#### [Dataset entries]
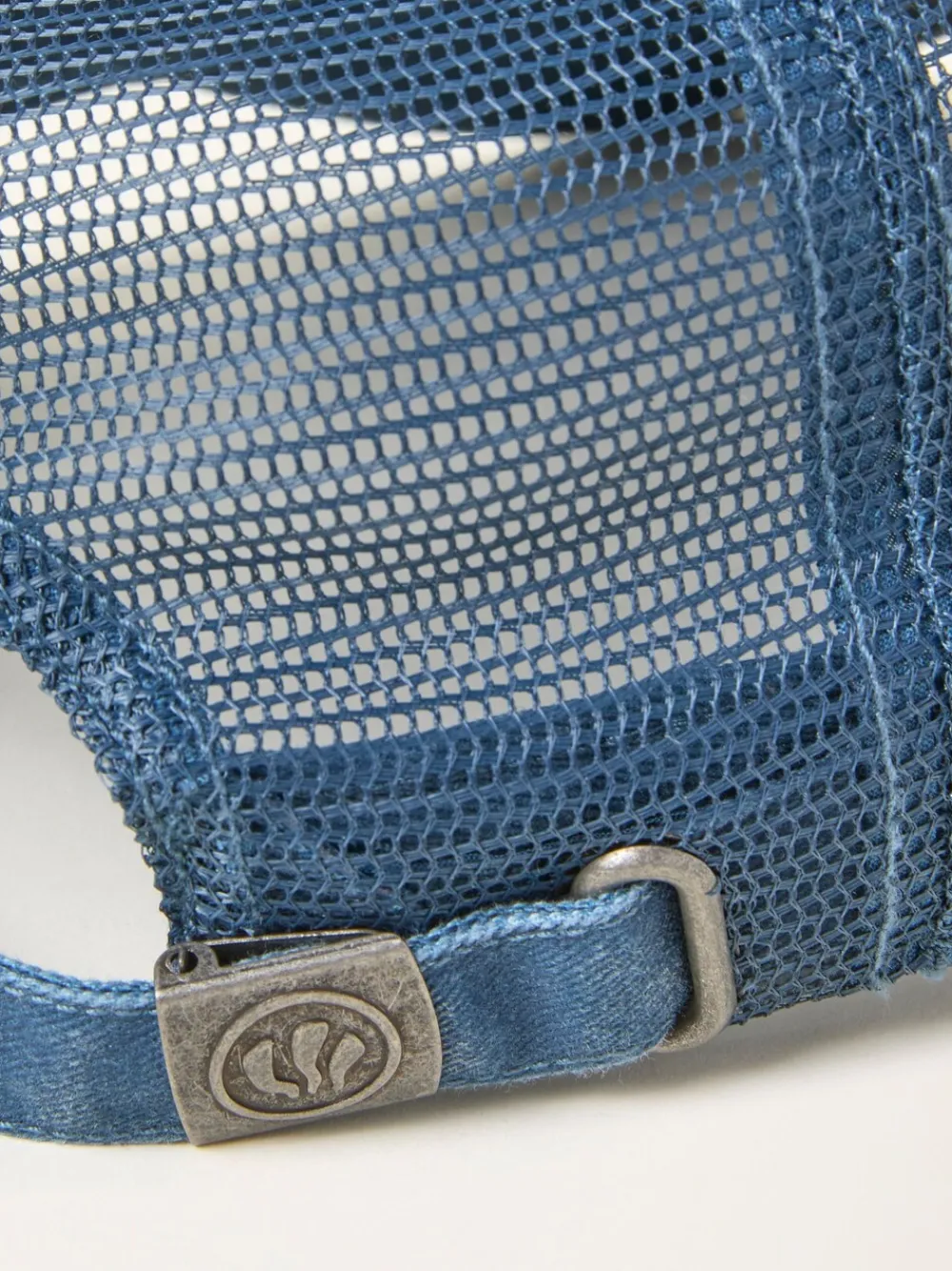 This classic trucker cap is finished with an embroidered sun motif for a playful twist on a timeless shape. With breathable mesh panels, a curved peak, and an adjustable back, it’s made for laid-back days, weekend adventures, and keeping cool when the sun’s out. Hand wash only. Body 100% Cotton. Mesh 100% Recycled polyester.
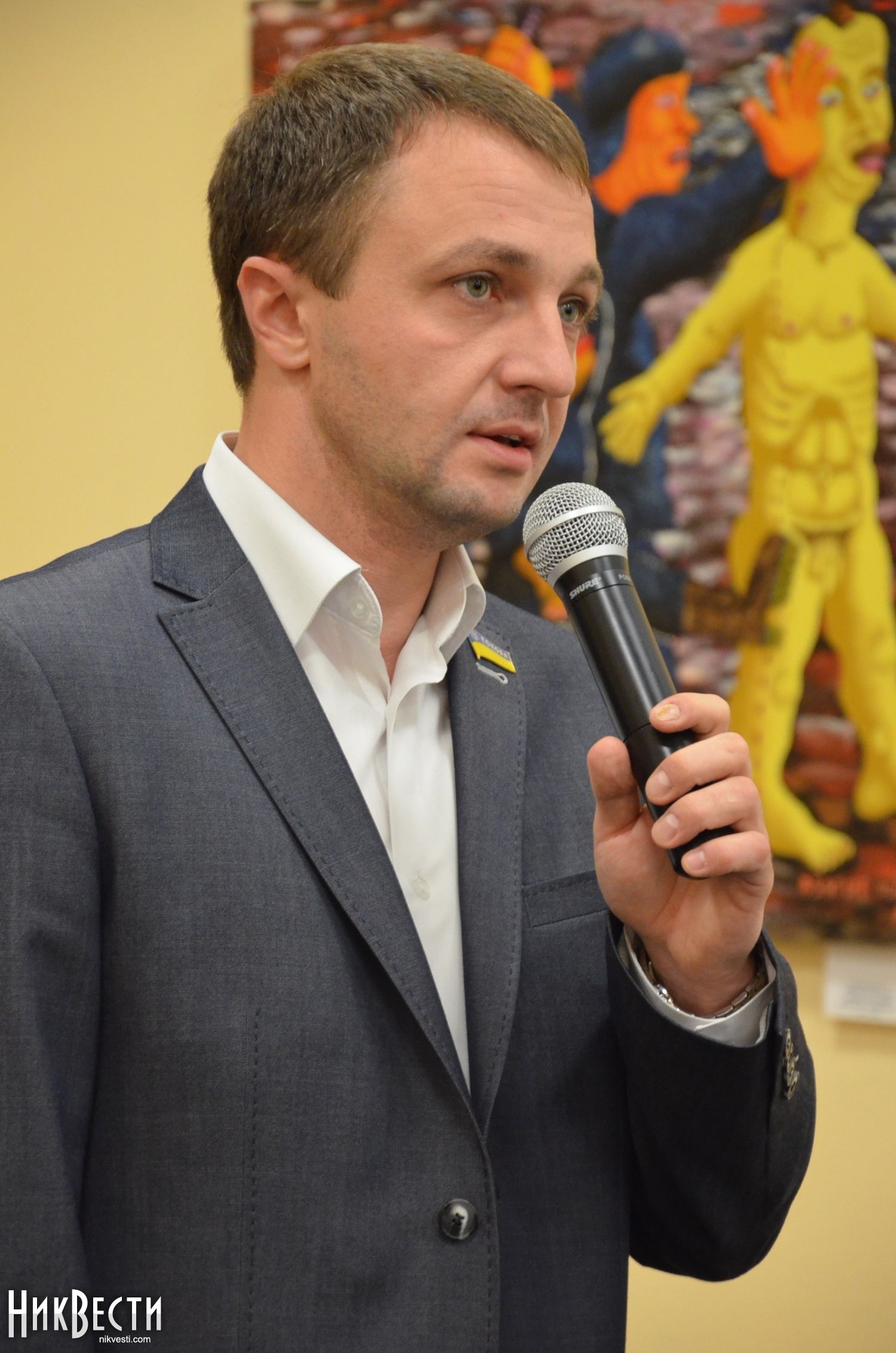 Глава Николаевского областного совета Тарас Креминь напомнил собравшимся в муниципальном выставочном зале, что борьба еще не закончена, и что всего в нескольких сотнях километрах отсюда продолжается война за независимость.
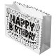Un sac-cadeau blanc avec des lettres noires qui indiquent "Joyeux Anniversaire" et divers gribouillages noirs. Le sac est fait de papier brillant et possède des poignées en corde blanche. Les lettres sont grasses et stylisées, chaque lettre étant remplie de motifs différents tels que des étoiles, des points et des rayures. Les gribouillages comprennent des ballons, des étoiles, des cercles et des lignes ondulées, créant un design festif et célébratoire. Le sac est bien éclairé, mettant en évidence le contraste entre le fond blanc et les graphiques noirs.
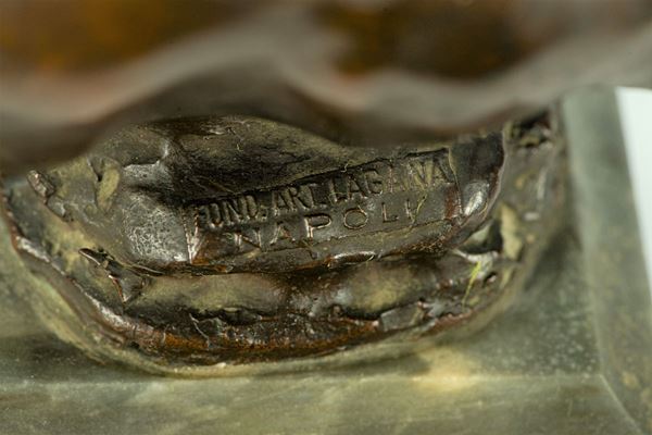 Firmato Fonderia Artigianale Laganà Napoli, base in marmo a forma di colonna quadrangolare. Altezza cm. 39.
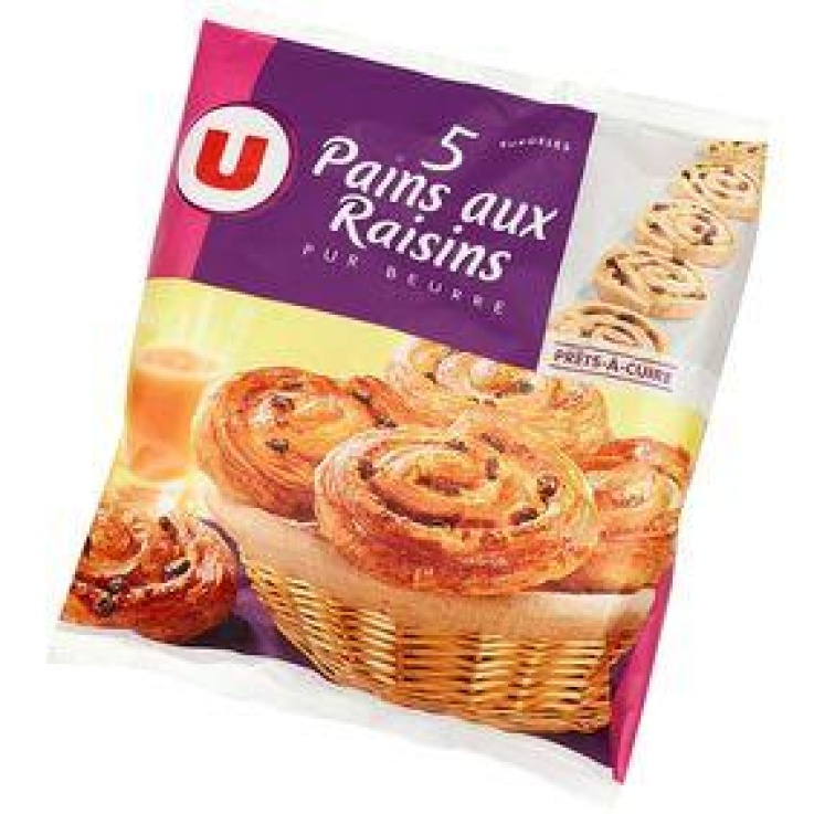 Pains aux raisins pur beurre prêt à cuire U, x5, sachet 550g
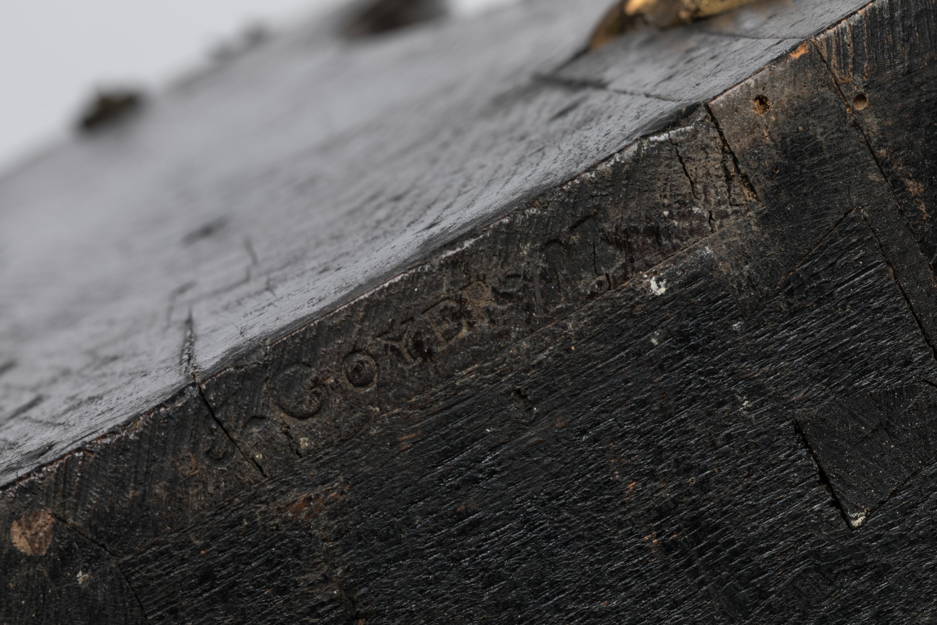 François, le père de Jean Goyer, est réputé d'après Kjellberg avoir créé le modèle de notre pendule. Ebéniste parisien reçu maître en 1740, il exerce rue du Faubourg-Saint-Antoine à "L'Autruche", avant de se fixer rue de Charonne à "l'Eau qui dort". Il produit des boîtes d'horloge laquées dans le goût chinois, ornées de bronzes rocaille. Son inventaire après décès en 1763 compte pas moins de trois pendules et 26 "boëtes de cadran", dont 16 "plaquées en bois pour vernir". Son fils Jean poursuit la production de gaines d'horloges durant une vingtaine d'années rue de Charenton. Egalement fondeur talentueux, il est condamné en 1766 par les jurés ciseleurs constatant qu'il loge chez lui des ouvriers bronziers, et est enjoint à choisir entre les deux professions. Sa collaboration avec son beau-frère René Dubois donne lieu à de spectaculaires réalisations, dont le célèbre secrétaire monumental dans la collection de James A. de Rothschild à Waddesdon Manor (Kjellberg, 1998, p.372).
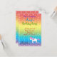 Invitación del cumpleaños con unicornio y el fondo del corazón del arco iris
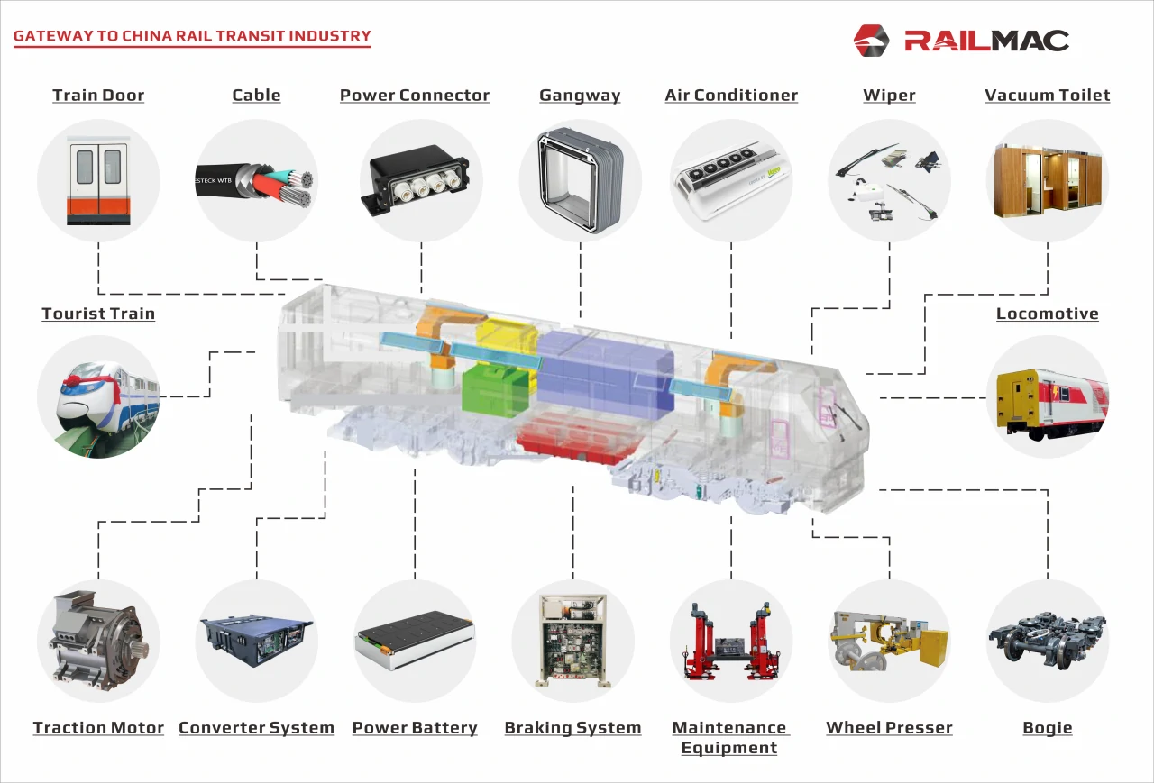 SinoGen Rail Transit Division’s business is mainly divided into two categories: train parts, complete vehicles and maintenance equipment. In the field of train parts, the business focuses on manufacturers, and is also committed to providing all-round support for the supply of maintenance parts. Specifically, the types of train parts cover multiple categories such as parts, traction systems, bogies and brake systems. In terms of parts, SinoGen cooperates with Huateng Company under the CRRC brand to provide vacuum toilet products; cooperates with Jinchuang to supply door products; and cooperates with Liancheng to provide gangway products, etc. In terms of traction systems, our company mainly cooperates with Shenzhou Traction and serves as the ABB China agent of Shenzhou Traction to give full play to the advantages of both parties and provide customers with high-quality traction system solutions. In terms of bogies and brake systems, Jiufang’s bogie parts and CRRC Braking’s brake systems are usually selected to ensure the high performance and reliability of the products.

#### [PROBLEM STATEMENT]
Could you restate every entry above word for word, leaving out the pictures?

#### [RESULT FOR THIS EXERCISE]
 This classic trucker cap is finished with an embroidered sun motif for a playful twist on a timeless shape. With breathable mesh panels, a curved peak, and an adjustable back, it’s made for laid-back days, weekend adventures, and keeping cool when the sun’s out. Hand wash only. Body 100% Cotton. Mesh 100% Recycled polyester.
 Глава Николаевского областного совета Тарас Креминь напомнил собравшимся в муниципальном выставочном зале, что борьба еще не закончена, и что всего в нескольких сотнях километрах отсюда продолжается война за независимость.
Un sac-cadeau blanc avec des lettres noires qui indiquent "Joyeux Anniversaire" et divers gribouillages noirs. Le sac est fait de papier brillant et possède des poignées en corde blanche. Les lettres sont grasses et stylisées, chaque lettre étant remplie de motifs différents tels que des étoiles, des points et des rayures. Les gribouillages comprennent des ballons, des étoiles, des cercles et des lignes ondulées, créant un design festif et célébratoire. Le sac est bien éclairé, mettant en évidence le contraste entre le fond blanc et les graphiques noirs.
 Firmato Fonderia Artigianale Laganà Napoli, base in marmo a forma di colonna quadrangolare. Altezza cm. 39.
 Pains aux raisins pur beurre prêt à cuire U, x5, sachet 550g
 François, le père de Jean Goyer, est réputé d'après Kjellberg avoir créé le modèle de notre pendule. Ebéniste parisien reçu maître en 1740, il exerce rue du Faubourg-Saint-Antoine à "L'Autruche", avant de se fixer rue de Charonne à "l'Eau qui dort". Il produit des boîtes d'horloge laquées dans le goût chinois, ornées de bronzes rocaille. Son inventaire après décès en 1763 compte pas moins de trois pendules et 26 "boëtes de cadran", dont 16 "plaquées en bois pour vernir". Son fils Jean poursuit la production de gaines d'horloges durant une vingtaine d'années rue de Charenton. Egalement fondeur talentueux, il est condamné en 1766 par les jurés ciseleurs constatant qu'il loge chez lui des ouvriers bronziers, et est enjoint à choisir entre les deux professions. Sa collaboration avec son beau-frère René Dubois donne lieu à de spectaculaires réalisations, dont le célèbre secrétaire monumental dans la collection de James A. de Rothschild à Waddesdon Manor (Kjellberg, 1998, p.372).
 Invitación del cumpleaños con unicornio y el fondo del corazón del arco iris
 SinoGen Rail Transit Division’s business is mainly divided into two categories: train parts, complete vehicles and maintenance equipment. In the field of train parts, the business focuses on manufacturers, and is also committed to providing all-round support for the supply of maintenance parts. Specifically, the types of train parts cover multiple categories such as parts, traction systems, bogies and brake systems. In terms of parts, SinoGen cooperates with Huateng Company under the CRRC brand to provide vacuum toilet products; cooperates with Jinchuang to supply door products; and cooperates with Liancheng to provide gangway products, etc. In terms of traction systems, our company mainly cooperates with Shenzhou Traction and serves as the ABB China agent of Shenzhou Traction to give full play to the advantages of both parties and provide customers with high-quality traction system solutions. In terms of bogies and brake systems, Jiufang’s bogie parts and CRRC Braking’s brake systems are usually selected to ensure the high performance and reliability of the products.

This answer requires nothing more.